━━━ Data extracts

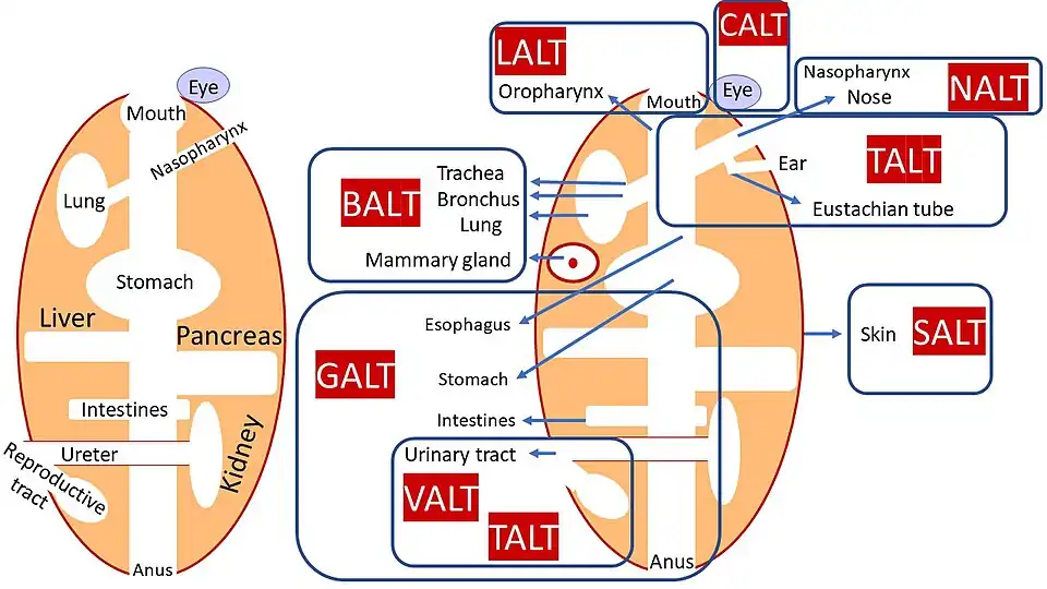 - CALT (conjunctivageassocieerd lymfoïd weefsel)[2]
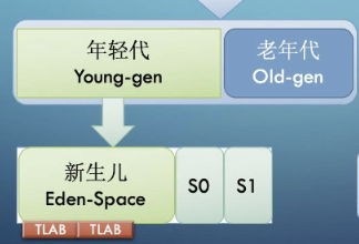 年轻代中又分为一个新生代(Eden),两个幸存者空间(Survivor)。对象会首先在年轻代中的 Eden 区进行分配,通常会有多个线程同时创建多个对象,所以 Eden 区被划分为多个 线程本地分配缓冲区 (Thread Local Allocation Buffer,简称 TLAB)。通过这种缓冲区划分,大部分对象直接由 JVM 在对应线程的 TLAB 中分配,避免与其他线程的同步操作。如果 TLAB 中没有足够的内存空间,就会在共享 Eden 区(shared Eden space)之中分配。当 Eden 区分配满的时候,就会触发年轻代的 GC。
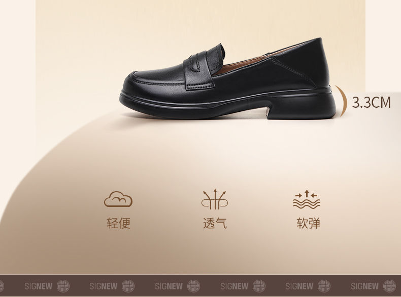 信诺乐福鞋女2024年新款英伦风一脚蹬舒适百搭女士软底单鞋小皮鞋24C8681-7T
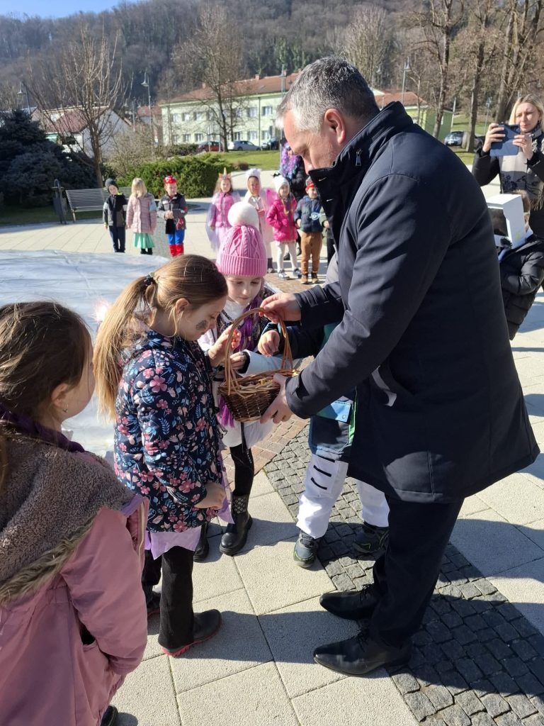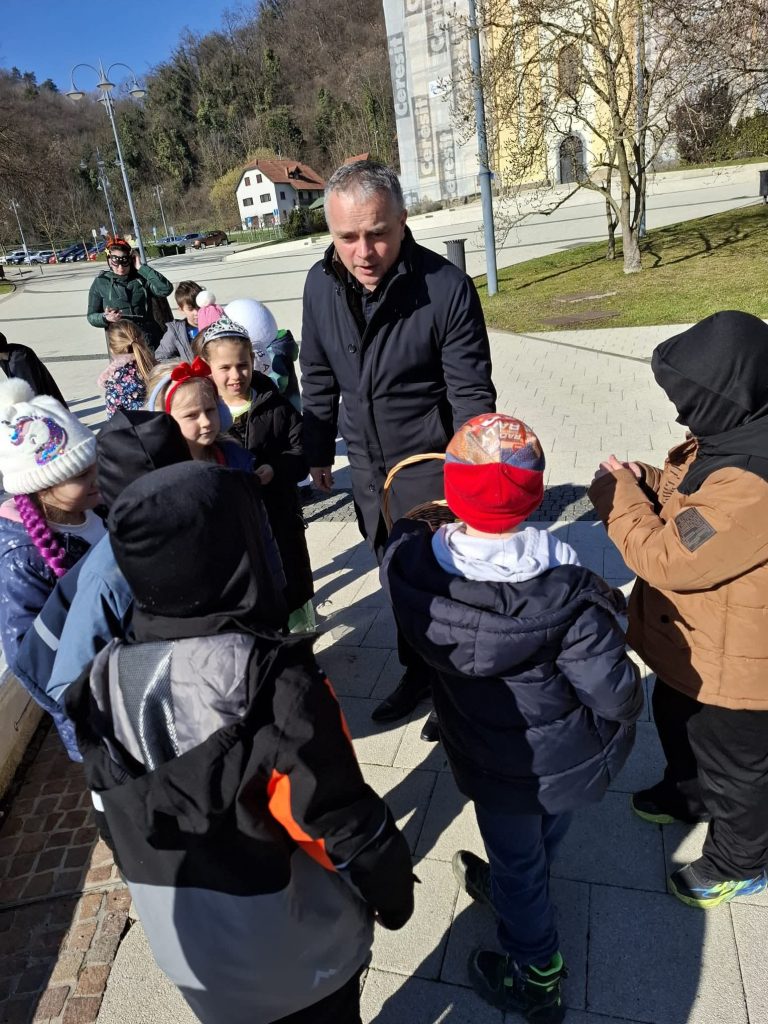 Djeca i odgojiteljice iz “Loptica” i “Zvjezdica” prošetali su do gradskog trga, gdje ih je srdačno dočekao gradonačelnik Goran Vukmanić, koji ih je razveselio slatkim iznenađenjem i podijelio bombone, na čemu mu zahvaljujemo! 🍬
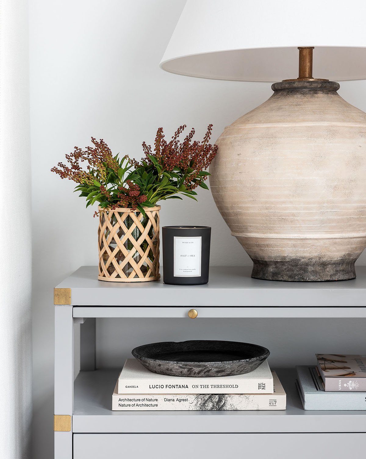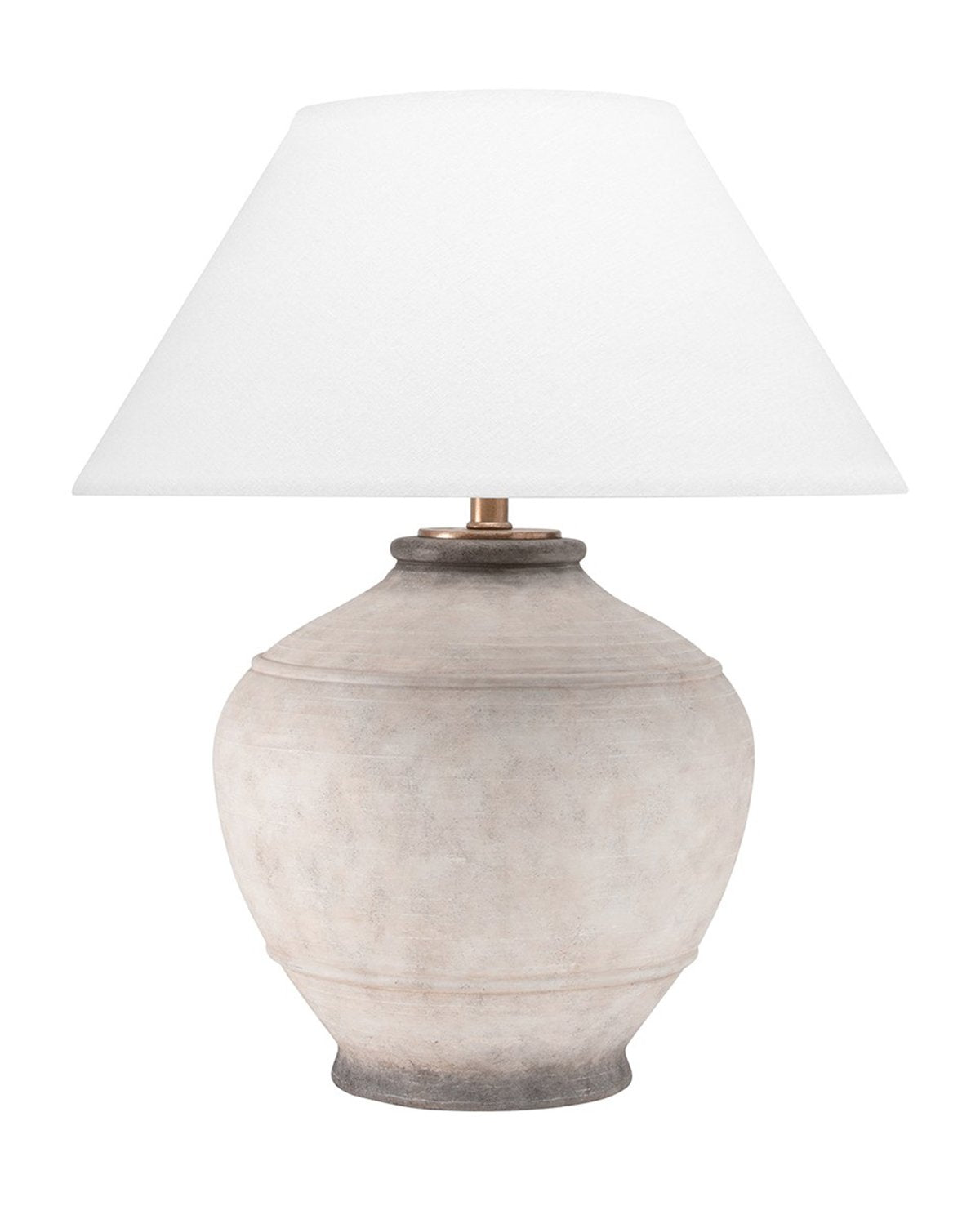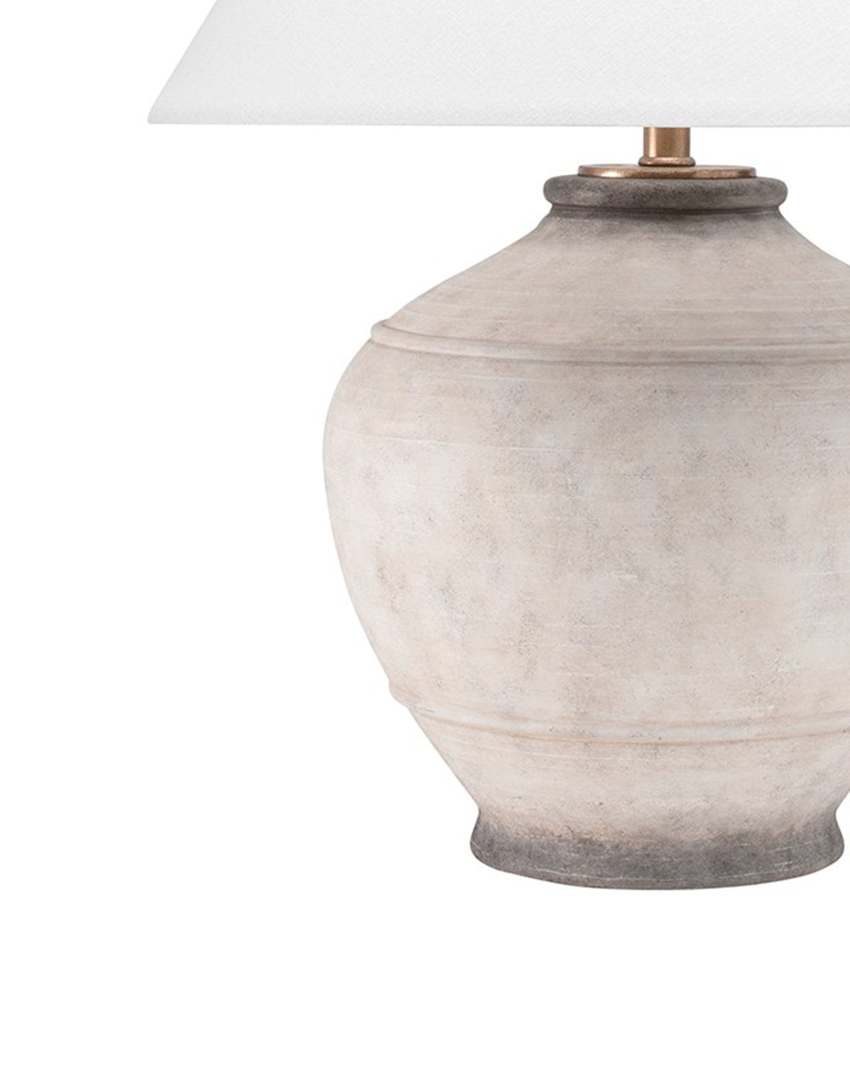 Crafted from stone, this lamp brings found charm to your space. With a soft color and unique ribbed details, the bulbous shape of our Malta Table Lamp subtly contrasts with Belgian linen shade for both depth and sophistication.

━━━━━━

> **Instructions for the task**
Excluding all pictures, reproduce the records exactly as they appear above.

> **Response to this task**
 - CALT (conjunctivageassocieerd lymfoïd weefsel)[2]
 年轻代中又分为一个新生代(Eden),两个幸存者空间(Survivor)。对象会首先在年轻代中的 Eden 区进行分配,通常会有多个线程同时创建多个对象,所以 Eden 区被划分为多个 线程本地分配缓冲区 (Thread Local Allocation Buffer,简称 TLAB)。通过这种缓冲区划分,大部分对象直接由 JVM 在对应线程的 TLAB 中分配,避免与其他线程的同步操作。如果 TLAB 中没有足够的内存空间,就会在共享 Eden 区(shared Eden space)之中分配。当 Eden 区分配满的时候,就会触发年轻代的 GC。
 信诺乐福鞋女2024年新款英伦风一脚蹬舒适百搭女士软底单鞋小皮鞋24C8681-7T
 Djeca i odgojiteljice iz “Loptica” i “Zvjezdica” prošetali su do gradskog trga, gdje ih je srdačno dočekao gradonačelnik Goran Vukmanić, koji ih je razveselio slatkim iznenađenjem i podijelio bombone, na čemu mu zahvaljujemo! 🍬
 Crafted from stone, this lamp brings found charm to your space. With a soft color and unique ribbed details, the bulbous shape of our Malta Table Lamp subtly contrasts with Belgian linen shade for both depth and sophistication.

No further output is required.